The Rebbe underlined the part of my question where I noted that I had started studying for the ordination but hadn’t seen adequate results. Then he wrote: “But we have been promised [by the Mishnah], ‘If you work hard, you will succeed.’” Once I had been ordained, he concluded, I should pick one of the three options.
After receiving such a clear answer, I focused all my energy on these studies. I joined my friends studying Ta’aruvot and, over the next two months, I spent between eight and ten hours a day on the subject. When the test came around, I passed. By then, it was getting close to Passover so I went to Florida to conduct a public Seder. But even there, I used every spare moment I had, on planes and trains, to study for the test on the unit that I had missed.

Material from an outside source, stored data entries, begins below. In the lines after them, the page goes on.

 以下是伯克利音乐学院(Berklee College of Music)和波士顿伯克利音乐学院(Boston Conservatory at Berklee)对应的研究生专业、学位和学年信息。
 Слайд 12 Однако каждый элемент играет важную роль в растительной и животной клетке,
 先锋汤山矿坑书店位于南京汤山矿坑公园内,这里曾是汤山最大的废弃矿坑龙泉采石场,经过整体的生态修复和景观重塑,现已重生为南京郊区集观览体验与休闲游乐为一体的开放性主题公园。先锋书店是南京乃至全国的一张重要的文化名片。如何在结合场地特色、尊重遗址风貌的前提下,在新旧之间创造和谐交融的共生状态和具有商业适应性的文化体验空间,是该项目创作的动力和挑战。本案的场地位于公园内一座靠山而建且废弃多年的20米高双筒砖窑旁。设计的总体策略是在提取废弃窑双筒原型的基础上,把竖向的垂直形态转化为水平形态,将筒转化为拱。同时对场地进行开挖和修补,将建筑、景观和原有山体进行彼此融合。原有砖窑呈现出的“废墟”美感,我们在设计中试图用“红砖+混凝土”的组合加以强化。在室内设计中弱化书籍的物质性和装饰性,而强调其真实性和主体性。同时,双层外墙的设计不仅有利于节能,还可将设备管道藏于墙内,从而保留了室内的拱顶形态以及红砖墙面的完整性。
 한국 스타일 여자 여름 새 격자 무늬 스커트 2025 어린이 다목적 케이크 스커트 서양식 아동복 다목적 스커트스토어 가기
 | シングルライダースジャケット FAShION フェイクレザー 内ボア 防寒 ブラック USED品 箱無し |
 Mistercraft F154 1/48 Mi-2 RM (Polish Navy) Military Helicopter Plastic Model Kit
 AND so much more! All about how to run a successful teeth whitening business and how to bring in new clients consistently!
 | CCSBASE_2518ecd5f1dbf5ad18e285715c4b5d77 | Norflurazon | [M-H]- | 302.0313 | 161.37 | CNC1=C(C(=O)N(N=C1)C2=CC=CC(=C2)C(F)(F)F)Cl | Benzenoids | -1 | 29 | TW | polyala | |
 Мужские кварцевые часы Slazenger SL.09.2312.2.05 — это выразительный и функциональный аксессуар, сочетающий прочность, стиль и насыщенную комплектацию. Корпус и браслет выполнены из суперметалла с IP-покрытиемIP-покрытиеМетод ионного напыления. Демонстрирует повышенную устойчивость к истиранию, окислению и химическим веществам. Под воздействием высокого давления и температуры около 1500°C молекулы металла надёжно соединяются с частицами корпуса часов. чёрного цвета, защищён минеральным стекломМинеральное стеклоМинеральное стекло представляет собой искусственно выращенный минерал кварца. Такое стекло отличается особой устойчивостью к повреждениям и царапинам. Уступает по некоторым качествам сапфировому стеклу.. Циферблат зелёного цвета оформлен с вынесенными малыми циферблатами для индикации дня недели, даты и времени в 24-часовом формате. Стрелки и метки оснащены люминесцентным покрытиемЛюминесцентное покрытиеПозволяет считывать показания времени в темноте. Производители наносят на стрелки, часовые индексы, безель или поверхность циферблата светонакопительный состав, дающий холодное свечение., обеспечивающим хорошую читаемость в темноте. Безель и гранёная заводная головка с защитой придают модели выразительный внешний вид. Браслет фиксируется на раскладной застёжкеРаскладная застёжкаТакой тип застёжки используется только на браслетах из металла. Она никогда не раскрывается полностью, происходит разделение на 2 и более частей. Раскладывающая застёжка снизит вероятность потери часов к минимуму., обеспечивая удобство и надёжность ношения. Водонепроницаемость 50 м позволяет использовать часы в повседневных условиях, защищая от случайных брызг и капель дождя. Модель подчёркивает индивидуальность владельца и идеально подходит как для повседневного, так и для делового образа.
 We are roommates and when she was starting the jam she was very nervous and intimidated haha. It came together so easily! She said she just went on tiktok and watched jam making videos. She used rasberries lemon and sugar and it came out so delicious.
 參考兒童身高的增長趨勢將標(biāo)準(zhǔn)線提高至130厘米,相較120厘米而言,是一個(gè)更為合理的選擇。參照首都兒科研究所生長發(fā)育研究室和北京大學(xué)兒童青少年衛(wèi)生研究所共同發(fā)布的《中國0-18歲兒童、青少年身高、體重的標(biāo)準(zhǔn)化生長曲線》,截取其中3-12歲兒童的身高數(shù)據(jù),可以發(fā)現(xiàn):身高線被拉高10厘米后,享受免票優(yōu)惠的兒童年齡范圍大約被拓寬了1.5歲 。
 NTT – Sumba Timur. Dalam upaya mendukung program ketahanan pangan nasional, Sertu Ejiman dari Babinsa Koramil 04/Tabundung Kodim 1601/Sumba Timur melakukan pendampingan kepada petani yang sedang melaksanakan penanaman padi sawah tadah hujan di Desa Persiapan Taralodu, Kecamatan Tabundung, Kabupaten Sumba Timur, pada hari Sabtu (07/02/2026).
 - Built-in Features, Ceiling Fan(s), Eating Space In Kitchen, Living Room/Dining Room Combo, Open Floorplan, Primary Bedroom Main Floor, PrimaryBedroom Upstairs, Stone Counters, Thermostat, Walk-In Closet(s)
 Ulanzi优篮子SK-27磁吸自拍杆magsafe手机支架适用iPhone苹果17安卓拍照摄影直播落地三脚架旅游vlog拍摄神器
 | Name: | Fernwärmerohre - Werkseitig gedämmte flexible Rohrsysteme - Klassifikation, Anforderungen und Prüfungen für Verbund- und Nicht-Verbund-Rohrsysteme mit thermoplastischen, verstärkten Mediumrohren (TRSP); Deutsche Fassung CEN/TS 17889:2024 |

Eventually I managed to catch up, and I began learning the next unit together with the rest of my class. Even before I took that test, I went ahead and started studying for the final unit. That way I was able to take the fourth test only several weeks after the third. Rabbi Yisroel Yitzchok Piekarski, our examiner, was surprised to see me back so soon, and suspected that I may not have prepared adequately. So he spent extra time asking me a long line of questions, and when he saw how proficient I was with the material, he remarked: “When you learn – you know!”
Isn’t that exactly what the Rebbe told me? I thought to myself. If you work hard, you will succeed!
Rabbi Avraham Eliyahu Neimark is one of the founders of Chabad of Shaarei Aliyah in Lod, Israel. He has done considerable community work among emigres of the Former Soviet Union, while also teaching at a local school. He was interviewed in 2015.